Je kan van ze zeggen wat je wil, maar vanaf het moment van aankomst van de Duitse soldaten worden zowel de serie als de familie een stuk interessanter. Een Duitse officier (Jobst Schnibbe) neemt ongevraagd zijn intrek in huize Boesman, vergezeld door zijn onderofficier Hans-Peter (Sven Mattke), een botte militair die Marie bij hun eerste ontmoeting ‘een geit’ noemt, maar wel heel mooi kan pianospelen (dus dan weet je het wel).
Philippe toont zich een geboren collaborateur. Hij zoekt immer de weg van de minste weerstand, zelfs wanneer dit betekent dat de Duitsers zijn complete wijnkelder leegroven (zijn zeldzame wijnen lijken hem ook meer bezig te houden dan het lot van zijn zoons aan het front – ook Guillaume moest uiteindelijk in dienst). Moeder Virginie ontpopt zich juist tot het familielid met een echte ruggengraat, en laat zich niet intimideren door de zich superieur voelende infiltranten in háár huis.

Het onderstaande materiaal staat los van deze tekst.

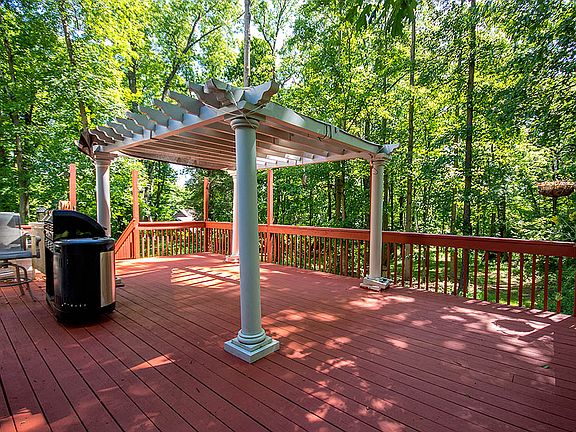 Spacious well appointed center hall colonial home. Private park like setting in one of the areas most sought after neighborhood's. High ceilings walk out bay windows, two story foyer,crown molding, H W floors and much more. Spacious kitchen provides center island, HW floors, recessed lighting, walk in pantry, full sized oak cabinet's, stainless steel appliances, built in microwave and smooth top range. Family room adjacent kitchen has HW floors and sliders to deck. Great room features floor to ceiling brick FP, HW floors and cathedral ceilings. Conservatory leads off Great room and provides panoramic views of back yard / wildlife sanctuary. Wrap around deck makes for great outdoor entertaining.Upstairs consists of four bedrooms and a bonus room. Basement is full with walk out entrance. AHS warranty for buyer..

En dan is er Marie. Haar personage doet een beetje denken aan – de echt bestaande - Vera Brittain uit Testament of Youth. Ook iemand die tijdens de Eerste Wereldoorlog machteloos moet toezien hoe haar naasten en geliefden vertrekken om te vechten, en dan besluit om als verpleegster aan het front haar steentje bij te dragen. Beide vrouwen houden zelfs een dagboek bij (en beide, dus ook de fictieve van Marie, zijn in boekvorm uitgebracht).
Maries verhaal wordt dramatischer naarmate de serie vordert, maar vooral de eerste paar afleveringen voel je je een beetje als Guillaume in één van de allereerste scènes in de première. Marie vermaakt de gasten thuis met haar prachtige zang. Iedereen heeft alleen oog en oor voor haar, behalve broer Guillaume. Die vindt bij de dienstmeid beter vertier.